Wade walked into the station around noon and was surprised to see Charlotte at her desk, fast?forwarding through security?camera video from inside a bus that she was watching on her computer.

“You’re supposed to be off duty,” Wade said.

“So are you,” Charlotte said. “I’ve been watching those Blue Line tapes. Glory took the bus to Havenhurst on Monday morning, just like her mom said. But I can’t find any footage yet of her coming back.”

“When you’re done watching that, and if you’re still willing to stick around, you can help Billy go through the case files on the other women who were killed down here.”

“Oh joy,” Billy said as he came in lugging a box full of binders and dropped it on his desk.

“It’s called police work,” Charlotte said. “You should consider yourself lucky that we get to do it.”

“That’s the spirit,” Wade said.

“What are we looking for?” Charlotte asked.

“Whatever the murders have in common and anything that they don’t.”

“What are you going to be doing?” Billy asked.

“Sleeping,” Wade said and headed for the stairs.

With each step, he felt more and more tired.

He was on his fourth day in Darwin Gardens without an uninterrupted stretch of sleep. At some point, he knew the sleep deprivation would catch up with him. He just hoped it wouldn’t be during a confrontation with an armed felon.

As soon as he got into the apartment, he undressed and stood under the shower, letting the hot water pour over him.

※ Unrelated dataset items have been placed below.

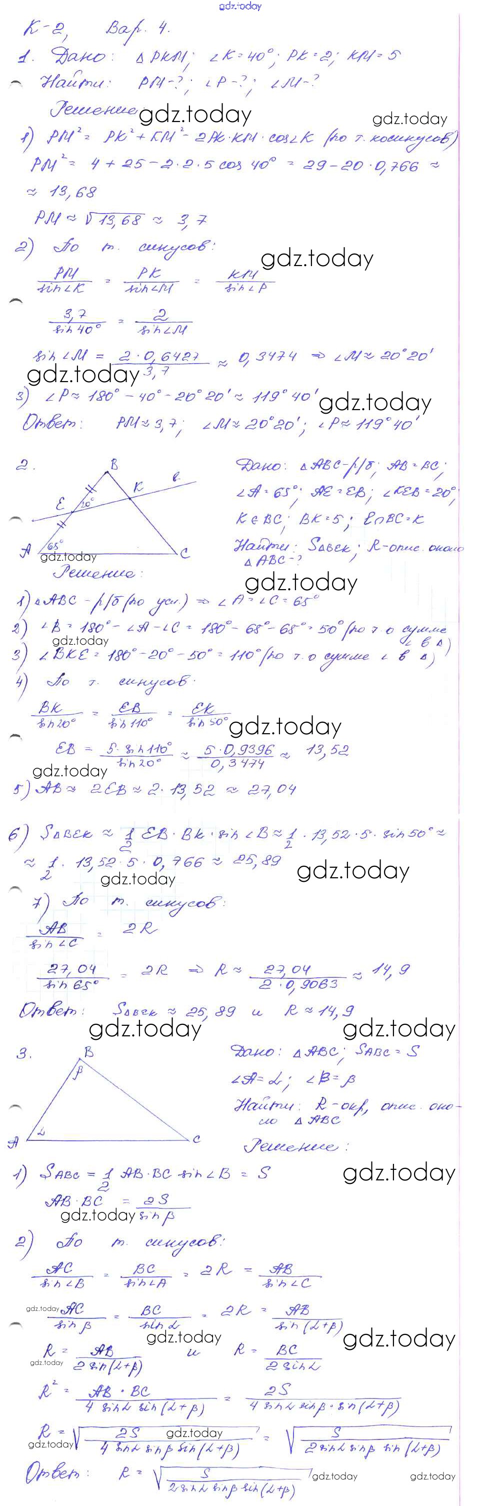 Ответы к КР-2. Варианты Решение к контрольным работам 4 Дидактическим материалам по Геометрии для 9 класса Зив Просвещение 2016
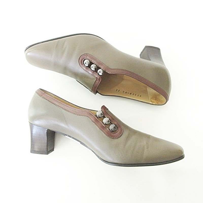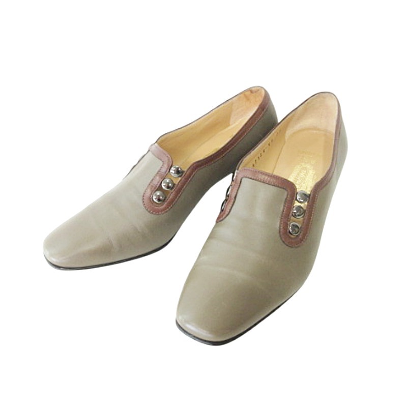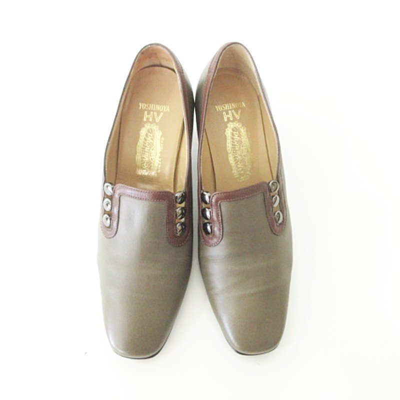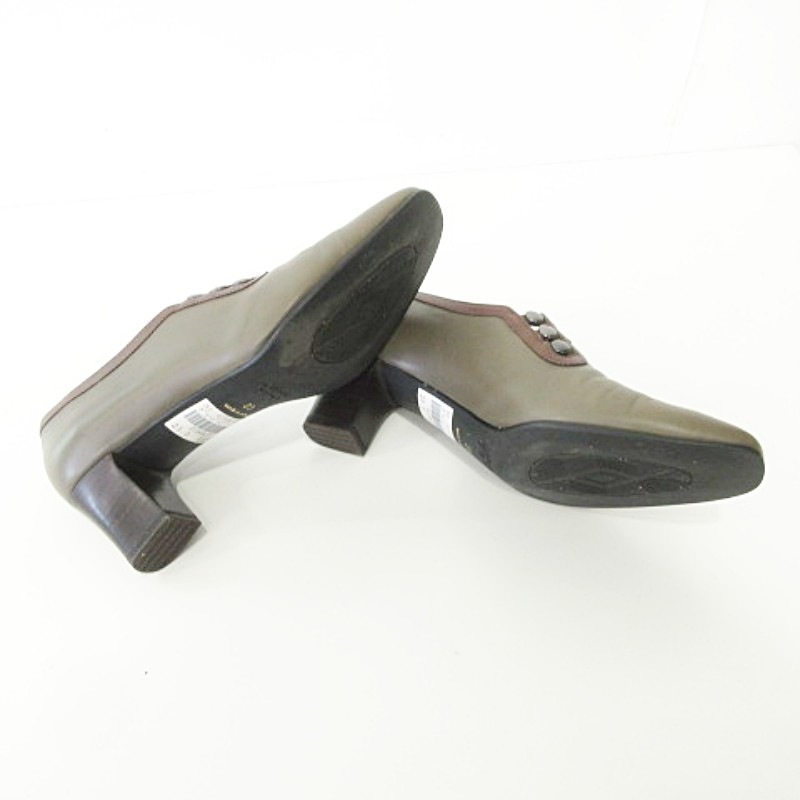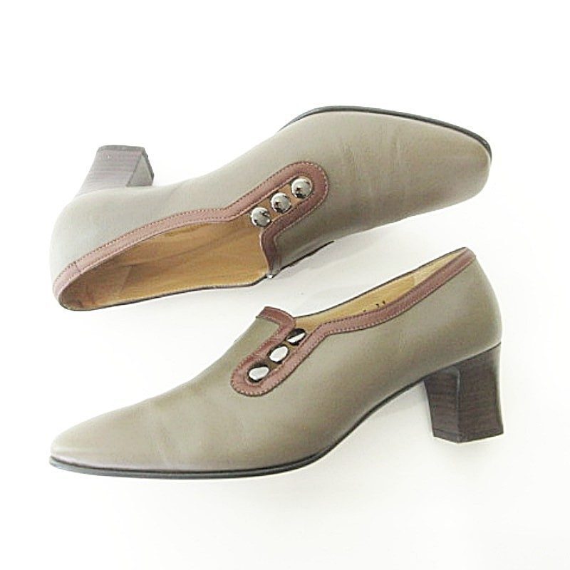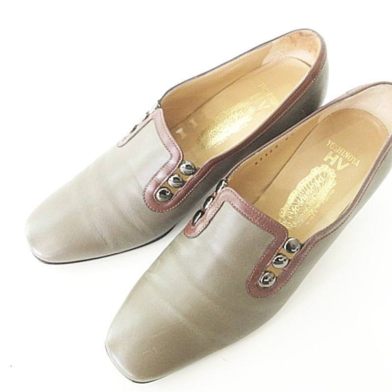 未使用品 銀座ヨシノヤ 美品 箱付き パンプス ヒール 靴 シューズ 日本製 23.0cm カーキ レディース
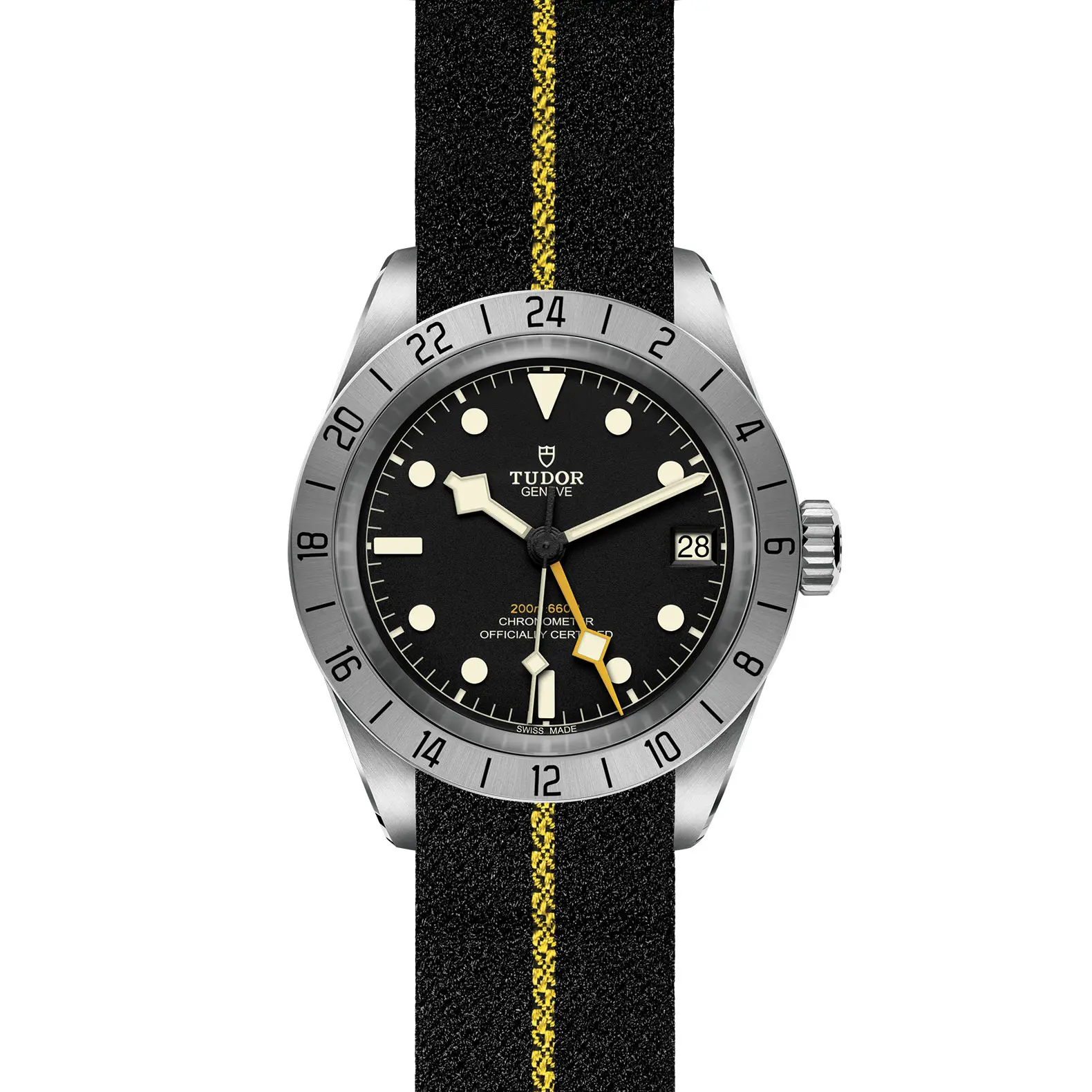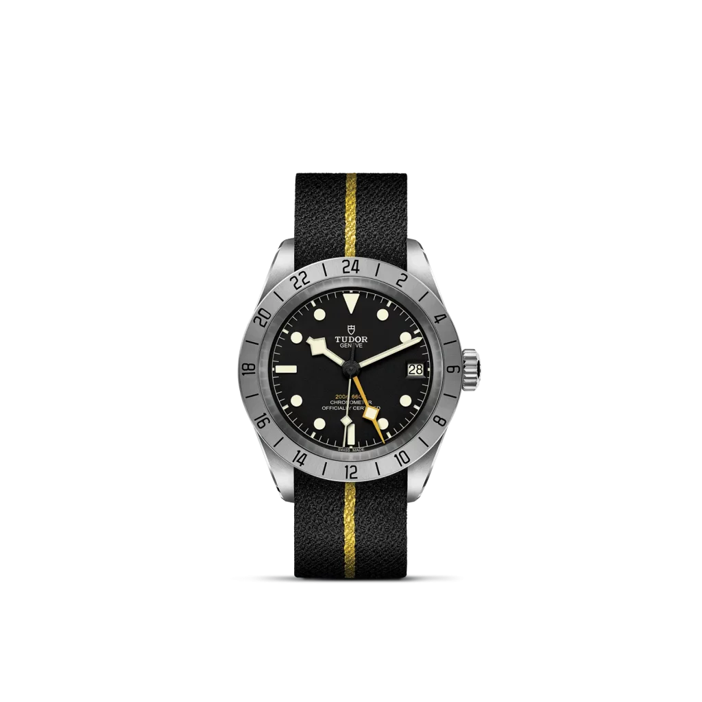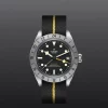 Cassa in acciaio, 39 mm, Cinturino in tessuto nero con banda gialla
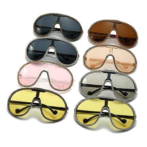 Oversized One Piece Sunglasses For Women Men Fashion Rhinestone Sun Glasses Large Frame Diamond Eyewear UV400 Shield Goggles 6

It wasn’t only the physical exhaustion that was getting to him, but also the stress of dealing with all the political and personal forces aligned against him, not to mention the responsibility of guiding two rookie officers and getting accustomed to a new home.

He’d yet to unpack anything besides his bedding and toiletries.

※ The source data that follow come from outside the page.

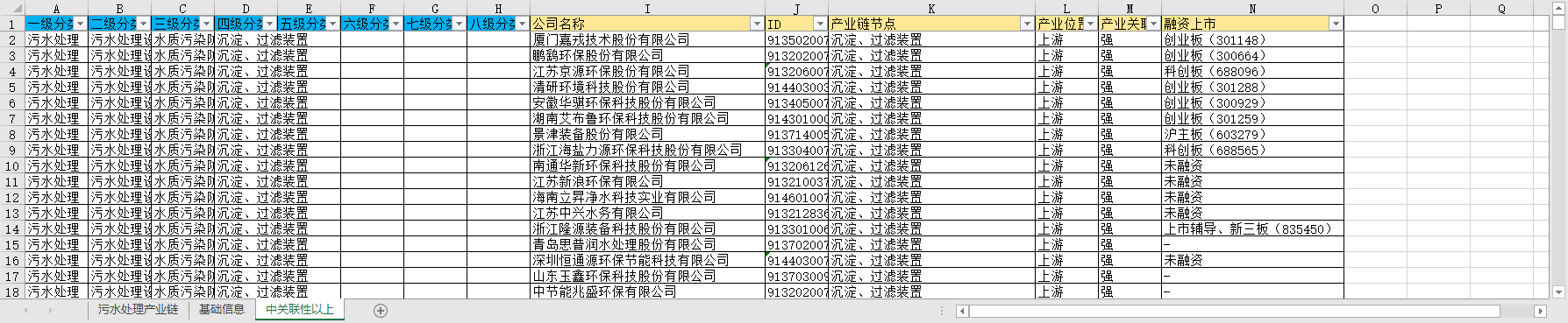 一级分类 二级分类 三级分类 四级分类 五级分类 六级分类 七级分类 八级分类 公司名称 ID 产业链节点 产业位置 产业关联性 融资上市
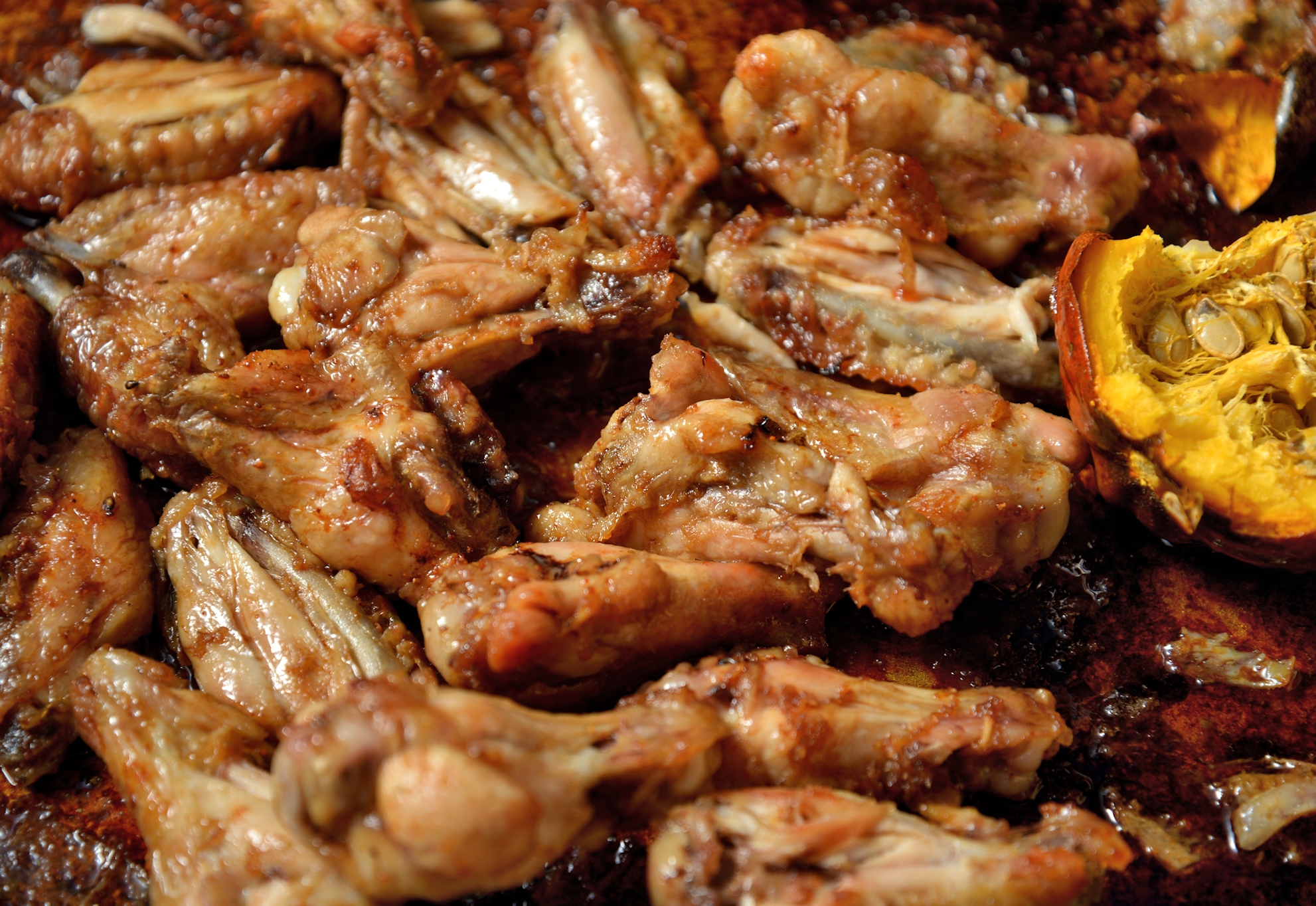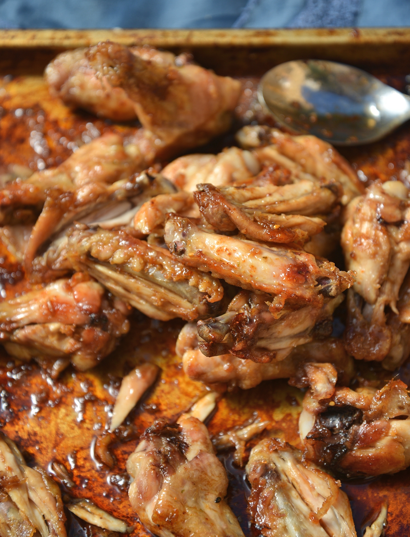 Все продукты для соуса перемешиваем. Вынимаем крылышки из духовки, заливаем их соусом и распределяем его по всему противню. Можно поставить на несколько минут в духовку.
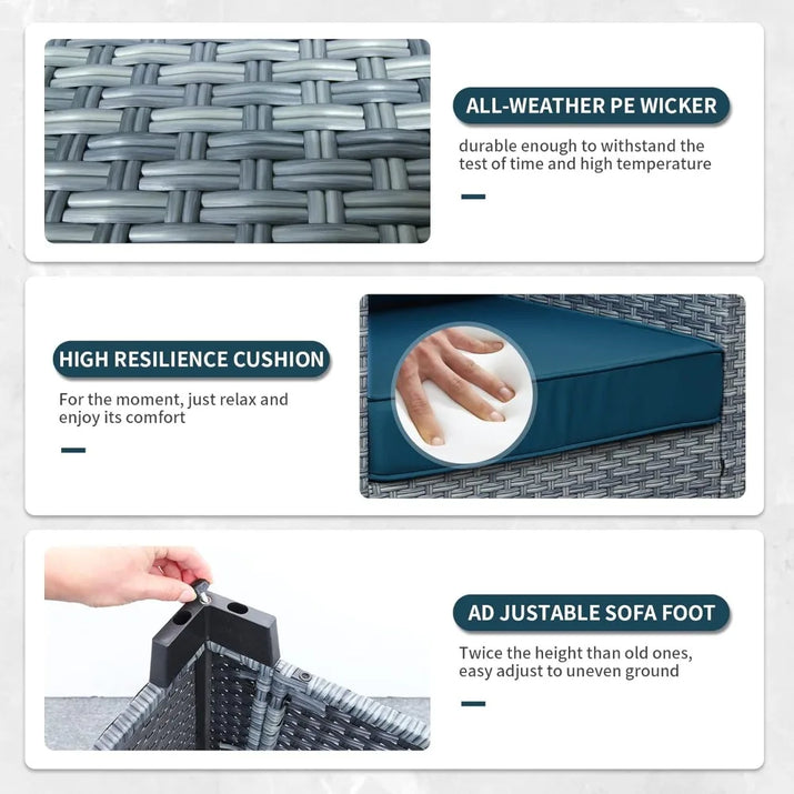 Outdoor Conversation Set PE Rattan Sectional Sofa Couch with Storage Table and Peacock Blue

It all made him feel unmoored in a way he hadn’t felt before. And whenever he felt insecure or uncertain in anything in his life, he reached for the one thing he knew he could depend on.

The badge.

And everything that it stood for.

Now, standing there naked in the shower in his rat?hole apartment above a former adult?video store in Darwin Gardens, he had a minor epiphany.

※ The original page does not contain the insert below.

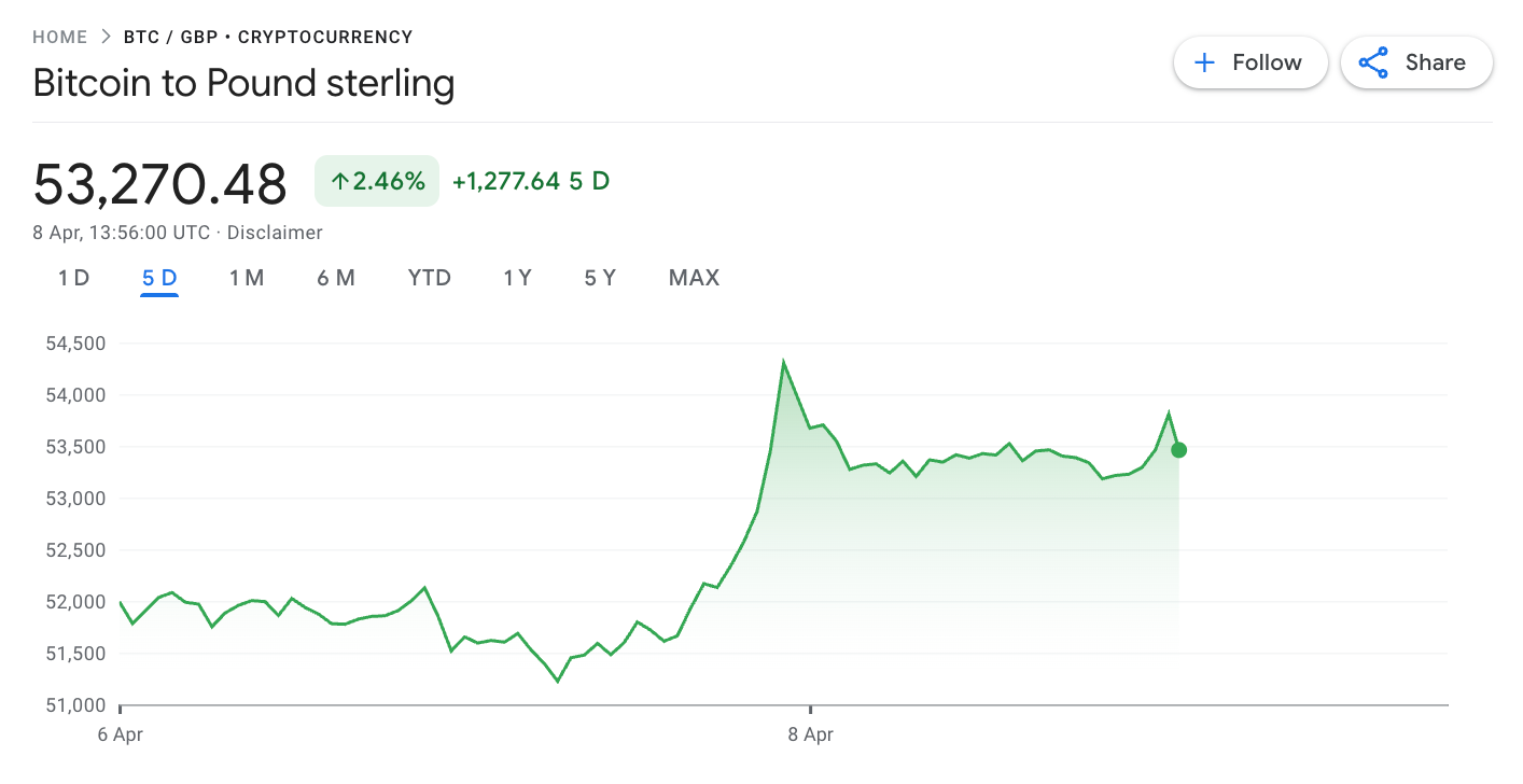 Since the news of the ceasefire was announced, the price of Bitcoin has surged by almost £1,300.
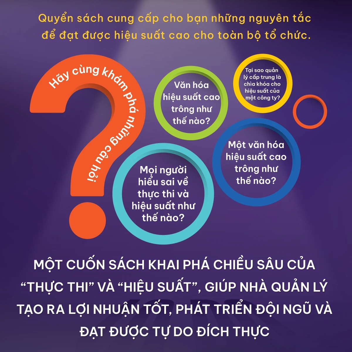 Cuốn sách này giúp độc giả quay trở lại những điều cốt lõi nhất của thực thi và cung cấp cho độc giả những nguyên tắc để đạt được hiệu suất cao cho toàn bộ tổ chức. Hãy cùng khám phá những câu hỏi:

His father always had a single, pat answer for every decision that he made.

What’s important is what you stand for and how strong you stand for it.

It defined Glenn Wade, and now it defined his son too.

Wade finally understood why.

It was the one thing in his life that he could control. No matter what else was happening around him, that was the one thing that nothing and nobody could change, except him.

It made the world something that could be defined, managed, and understood. It had worked for his dad, out there on the lake, where life was a lot simpler and there were fewer shades of gray.

But not so well for his son in King City, where everything was political and interconnected, where corruption was in the city’s DNA, where principles were seen as something malleable instead of absolute.

Except by Tom Wade.

And therein lay the problem.

What’s important is what you stand for and how strong you stand for it.

Living by those words was how he held strong and never lost his way, even when the moral compass of everyone around him lost direction.

He stayed true to course and did the right thing.

And lost everything he had.

Now living by those words was all that he had left. Everything else in his life was different, but there was one thing he could be certain of and that would never change: the job he had to do and the way he had to do it.

For now, that meant enforcing the law on his beat and finding whoever was killing women in Darwin Gardens, no matter where the investigation led.